**TASK INSTRUCTIONS**
Apart from the images, reproduce all of the data word for word.

::: DATA EXTRACT

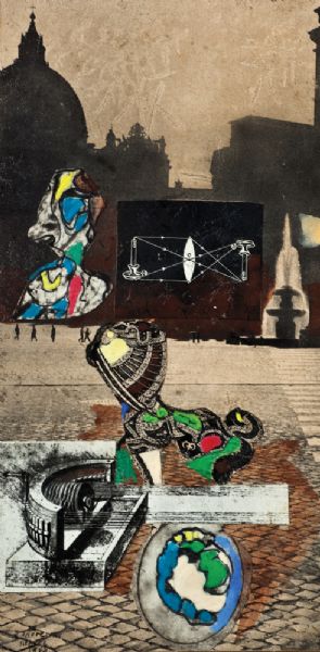 Collage and mixed media on printed paper mounted on cardboard
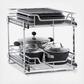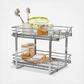 This innovative organizer is designed to optimize under-cabinet space, providing two tiers of storage to accommodate a wide range of items. Crafted from durable chrome-plated steel, this organizer is not only durable but also adds a touch of elegance to kitchen or bathroom decor. This organizer features a unique 2-tier design with dual-sliding drawers. The top and base drawers can be easily pulled out, offering convenient access to stored items. The full-extension ball-bearing sliding mechanisms ensure smooth and effortless operation. Crafted from chrome-plated steel, this organizer is built to last. The chrome finish not only adds a sleek look but also provides corrosion resistance, ensuring long-term durability and functionality. With a maximum weight capacity of 33 pounds, this organizer can safely hold a variety of items. Installing it is a simple process, as all the necessary mounting hardware is included. Follow the provided instructions, and the organizer will be ready for use in no time.
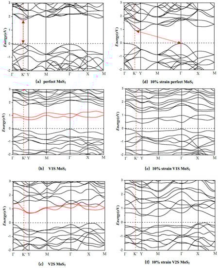 Considering the tensile strain, the electronic property of the perfect and S-vacancy MoS2 are revealed through investigating their band structures, which are shown in Figure 7. From the band structure, it is found that the presence of sulfur vacancies leads to the introduction of new energy bands near the Fermi level and the hydrogen adsorption on the S-vacancies may be the reason for it. Because of the introduction of the sulfur vacancy, the direct band gap of monolayer MoS2 has been changed into an indirect band gap, which is due to the contraction of the neighboring atoms of S-vacancy; a local state or transition state occurs between the VBM and CBM [10,19]. A defect energy band is introduced (red line). The direct band gap of monolayer MoS2 has been changed into the indirect band gap, which is due to the contraction of the neighboring atoms of the S-vacancy. A local state or transition state occurs between the VBM and CBM [10,19].
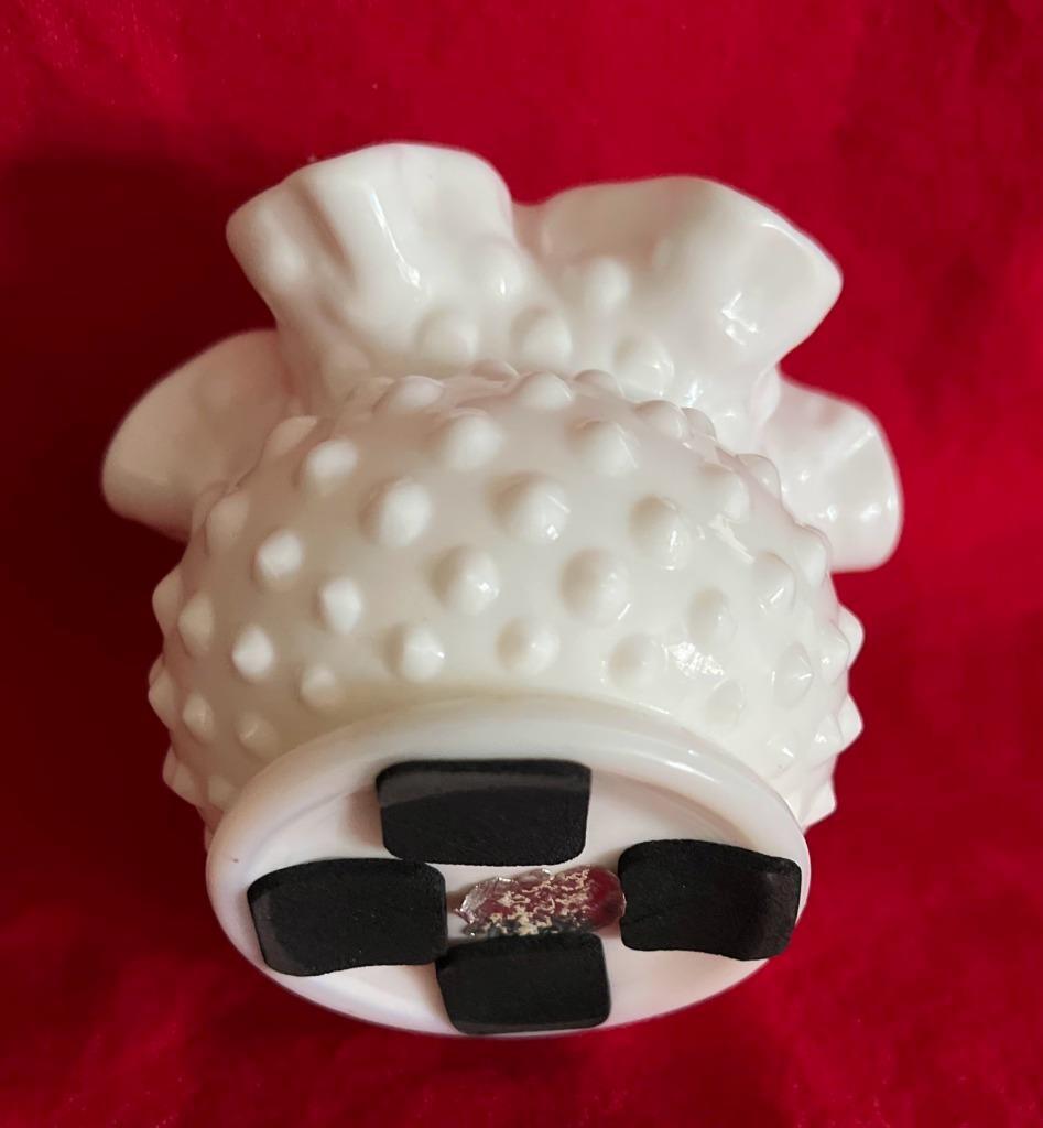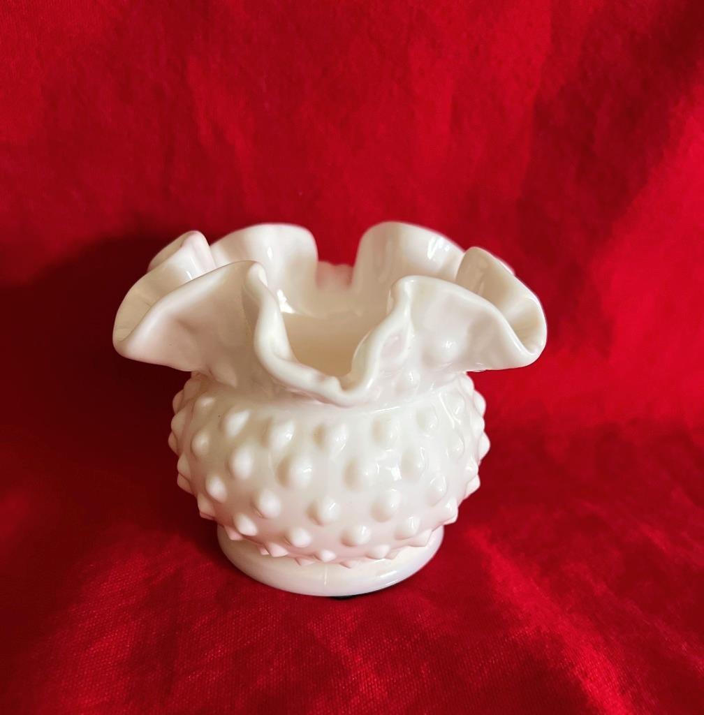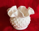 - Vintage 1960’s Fenton Rose Bowl Hobnail Milk Glass Ruffled Top 3’’ Vase

::::::

**RESPONSE**
 Collage and mixed media on printed paper mounted on cardboard
 This innovative organizer is designed to optimize under-cabinet space, providing two tiers of storage to accommodate a wide range of items. Crafted from durable chrome-plated steel, this organizer is not only durable but also adds a touch of elegance to kitchen or bathroom decor. This organizer features a unique 2-tier design with dual-sliding drawers. The top and base drawers can be easily pulled out, offering convenient access to stored items. The full-extension ball-bearing sliding mechanisms ensure smooth and effortless operation. Crafted from chrome-plated steel, this organizer is built to last. The chrome finish not only adds a sleek look but also provides corrosion resistance, ensuring long-term durability and functionality. With a maximum weight capacity of 33 pounds, this organizer can safely hold a variety of items. Installing it is a simple process, as all the necessary mounting hardware is included. Follow the provided instructions, and the organizer will be ready for use in no time.
 Considering the tensile strain, the electronic property of the perfect and S-vacancy MoS2 are revealed through investigating their band structures, which are shown in Figure 7. From the band structure, it is found that the presence of sulfur vacancies leads to the introduction of new energy bands near the Fermi level and the hydrogen adsorption on the S-vacancies may be the reason for it. Because of the introduction of the sulfur vacancy, the direct band gap of monolayer MoS2 has been changed into an indirect band gap, which is due to the contraction of the neighboring atoms of S-vacancy; a local state or transition state occurs between the VBM and CBM [10,19]. A defect energy band is introduced (red line). The direct band gap of monolayer MoS2 has been changed into the indirect band gap, which is due to the contraction of the neighboring atoms of the S-vacancy. A local state or transition state occurs between the VBM and CBM [10,19].
 - Vintage 1960’s Fenton Rose Bowl Hobnail Milk Glass Ruffled Top 3’’ Vase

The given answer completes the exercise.